When to Use This Skill

Activate this skill when you need to:

  • Search past conversations: "Find conversations about authentication bugs"
  • Generate insights: "Create a weekly activity report"
  • Understand patterns: "What files do I modify most often?"
  • Extract knowledge: "What solutions have I used for React performance?"
  • Visualize activity: "Show my conversation timeline"
  • Start dashboard: "Launch the insights dashboard"

Key Features

1. Automatic Conversation Processing

The skill automatically processes conversations from ~/.claude/projects/[current-project]/:

  • JSONL Parsing: Decodes base64-encoded conversation content
  • Metadata Extraction: Timestamps, message counts, file interactions, tool usage
  • Topic Detection: Keyword extraction and pattern recognition
  • Incremental Updates: Only processes new or modified conversations
  • SQLite Index: Fast metadata queries without reprocessing

2. RAG-Powered Semantic Search

Beyond keyword matching, find conversations by meaning:

  • Vector Embeddings: Uses sentence-transformers for semantic understanding
  • ChromaDB Storage: Efficient vector similarity search
  • Context Preservation: Maintains conversation structure and metadata
  • Ranked Results: Most relevant conversations first with similarity scores
  • Snippet Preview: See matching content in context

Example Searches:

"debugging memory leaks in React components"
"implementing JWT authentication with refresh tokens"
"fixing TypeScript strict mode errors"
"optimizing build performance with Vite"

3. Intelligent Insight Generation

Automatically detect patterns and generate reports:

Pattern Detection:

  • File hotspots (frequently modified files)
  • Tool usage patterns (most used Claude Code tools)
  • Activity trends (conversations over time)
  • Topic clusters (recurring themes)
  • Collaboration patterns (file co-modification)

Report Types:

  • Weekly Activity Summary: Overview of recent work with metrics
  • Project Knowledge Extraction: Key learnings and solutions
  • File Interaction Heatmap: Which files are most active
  • Tool Usage Analytics: How you use Claude Code tools
  • Custom Reports: Flexible template system

4. Optional Interactive Dashboard

Launch a local web dashboard for rich visualization:

  • Conversation Timeline: Visual history with filters
  • Interactive Search: Real-time semantic + keyword search
  • Insights Panel: Auto-generated reports with charts
  • File Explorer: See all conversations touching each file
  • Activity Analytics: Visualize patterns and trends

Tech Stack: Next.js 15, React Server Components, Tailwind CSS, Recharts

Interaction Modes

Mode 1: Search Conversations

When to use: Find specific past conversations

Process:

  1. Ask: "Search conversations about [topic]"
  2. Skill performs RAG semantic search
  3. Returns ranked results with context snippets
  4. Optionally show full conversation details

Example Triggers:

  • "Find conversations about React performance optimization"
  • "Search for times I fixed authentication bugs"
  • "Show me conversations that modified Auth.tsx"
  • "What conversations mention TypeScript strict mode?"

Output Format:

Found 5 conversations about "React performance optimization":

1. [Similarity: 0.89] "Optimize UserProfile re-renders" (Oct 25, 2025)
   Files: src/components/UserProfile.tsx, src/hooks/useUser.ts
   Snippet: "...implemented useMemo to prevent unnecessary re-renders..."

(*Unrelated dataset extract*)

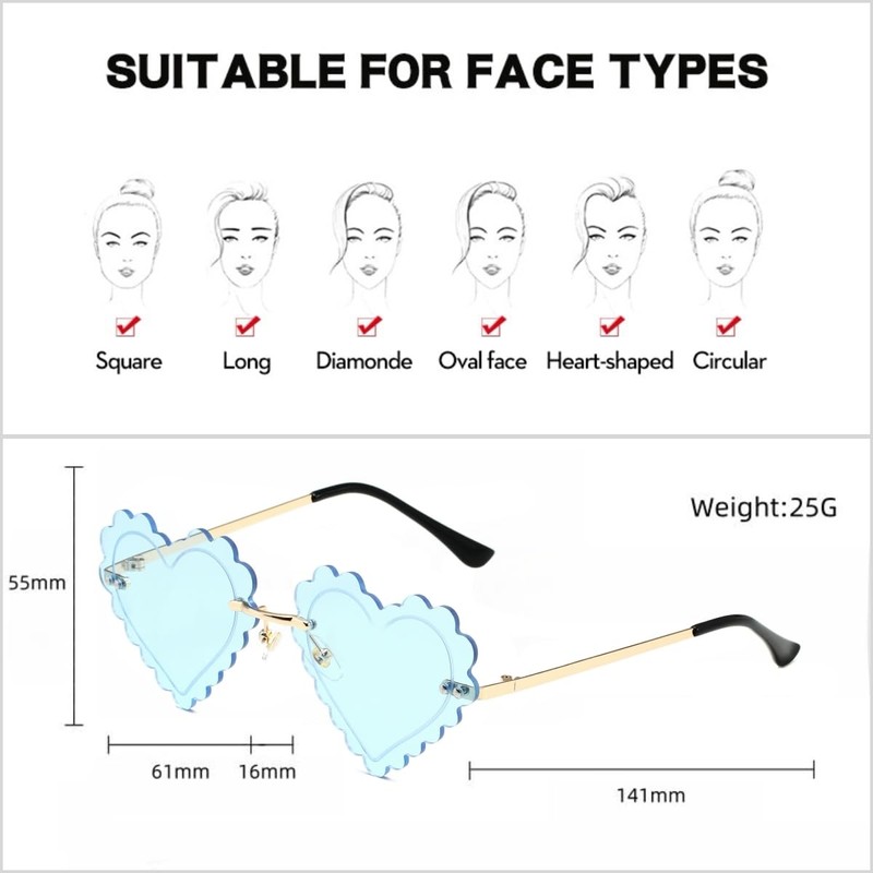 QVKUUT Stylish Irregular Rimless Heart Shape Sunglasses for Party and Dancing, lightblue

2. [Similarity: 0.82] "Fix dashboard performance issues" (Oct 20, 2025)
   Files: src/pages/Dashboard.tsx
   Snippet: "...React.memo wrapper reduced render count by 60%..."

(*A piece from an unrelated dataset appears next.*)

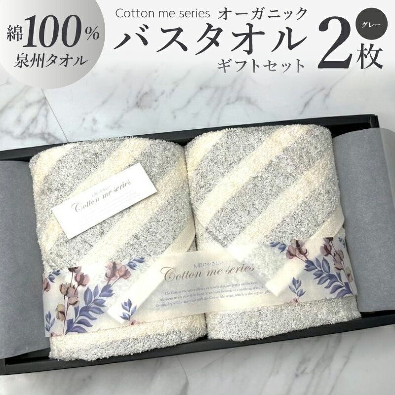 【ふるさと納税】タオル バスタオル 2枚 セット グレー 綿100% 日本製 ボーダー オーガニック オーガニックタオル かすみシリーズ ギフトセット ギフトボックス入り ギフト 贈答用 プレゼント cotton me 泉州タオル 大阪府 泉佐野市 送料無料

[View full conversations? Type the number]

Mode 2: Generate Insights

When to use: Understand patterns and trends

Process:

  1. Ask: "Generate insights for [timeframe]"
  2. Skill analyzes metadata and patterns
  3. Creates markdown report with visualizations
  4. Offers to save report to file

Example Triggers:

  • "Generate weekly insights report"
  • "Show me my most active files this month"
  • "What patterns do you see in my conversations?"
  • "Create a project summary report"

Report Sections:

  • Executive Summary (key metrics)
  • Activity Timeline (conversations over time)
  • File Hotspots (most modified files)
  • Tool Usage Breakdown (which tools you use most)
  • Topic Clusters (recurring themes)
  • Knowledge Highlights (key solutions and learnings)

Mode 3: Interactive Dashboard

When to use: Rich visual exploration and ongoing monitoring

Process:

  1. Ask: "Start the insights dashboard"
  2. Skill launches Next.js dev server
  3. Opens browser to http://localhost:3000
  4. Provides real-time data from SQLite + ChromaDB

Dashboard Pages:

  • Home: Timeline, activity stats, quick metrics
  • Search: Interactive semantic + keyword search interface
  • Insights: Auto-generated reports with interactive charts
  • Files: File-centric view of all conversations
  • Analytics: Deep-dive into patterns and trends

Example Triggers:

  • "Launch the insights dashboard"
  • "Start the visualization server"
  • "Show me the interactive insights"

Mode 4: Export and Integration

When to use: Share insights or integrate with other tools

Process:

  1. Ask: "Export [report type] as [format]"
  2. Skill generates formatted output
  3. Saves to specified location

Export Formats:

  • Markdown: Human-readable reports
  • JSON: Machine-readable data for integration
  • CSV: Activity data for spreadsheets
  • HTML: Standalone report with styling

Example Triggers:

  • "Export weekly insights as markdown"
  • "Save conversation metadata as JSON"
  • "Generate HTML report for sharing"

Using the Skill

Initial Setup

First time usage:

  1. Install dependencies: pip install -r requirements.txt
  2. Run initial processing: Skill will automatically process existing conversations
  3. Build embeddings: Creates semantic search index (one-time, ~1-2 min)
  4. Ready to search and analyze!

What happens automatically:

  • Scans ~/.claude/projects/[current-project]/*.jsonl
  • Extracts and indexes conversation metadata
  • Builds vector embeddings for semantic search
  • Creates SQLite database for fast queries
  • Sets up ChromaDB for similarity search

Search Examples

Semantic search (by meaning):

User: "Find conversations about fixing bugs related to user authentication"

Skill: [Performs RAG search]
Found 3 conversations:
1. "Debug JWT token expiration" (Oct 24)
2. "Fix OAuth redirect loop" (Oct 20)
3. "Implement session timeout handling" (Oct 18)

Metadata search (by files/tools):

User: "Show conversations that modified src/auth/token.ts"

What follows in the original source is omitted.